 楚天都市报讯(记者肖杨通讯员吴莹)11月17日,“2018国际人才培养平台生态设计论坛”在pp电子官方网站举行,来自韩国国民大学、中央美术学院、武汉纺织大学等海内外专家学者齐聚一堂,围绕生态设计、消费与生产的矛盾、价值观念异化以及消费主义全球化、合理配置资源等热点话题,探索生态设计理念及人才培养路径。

_ _ _

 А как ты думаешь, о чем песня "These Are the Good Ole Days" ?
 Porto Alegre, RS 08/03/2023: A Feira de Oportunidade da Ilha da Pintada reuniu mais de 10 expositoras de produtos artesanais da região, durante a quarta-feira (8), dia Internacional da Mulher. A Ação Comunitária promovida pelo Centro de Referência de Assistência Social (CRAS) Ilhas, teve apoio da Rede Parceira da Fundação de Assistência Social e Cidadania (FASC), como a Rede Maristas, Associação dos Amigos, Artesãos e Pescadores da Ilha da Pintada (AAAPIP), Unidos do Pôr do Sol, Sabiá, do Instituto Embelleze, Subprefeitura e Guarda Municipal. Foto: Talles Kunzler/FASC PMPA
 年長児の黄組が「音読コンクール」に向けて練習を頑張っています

_ _ _

__EXERCISE BRIEF__: Above this instruction are the records; retype exactly the lines from the one containing "Porto Alegre, RS" up to and including the one containing "年長児の黄組が「音読コンクール」に向けて練習を頑張っています".

__ANSWER BOX__:
 Porto Alegre, RS 08/03/2023: A Feira de Oportunidade da Ilha da Pintada reuniu mais de 10 expositoras de produtos artesanais da região, durante a quarta-feira (8), dia Internacional da Mulher. A Ação Comunitária promovida pelo Centro de Referência de Assistência Social (CRAS) Ilhas, teve apoio da Rede Parceira da Fundação de Assistência Social e Cidadania (FASC), como a Rede Maristas, Associação dos Amigos, Artesãos e Pescadores da Ilha da Pintada (AAAPIP), Unidos do Pôr do Sol, Sabiá, do Instituto Embelleze, Subprefeitura e Guarda Municipal. Foto: Talles Kunzler/FASC PMPA
 年長児の黄組が「音読コンクール」に向けて練習を頑張っています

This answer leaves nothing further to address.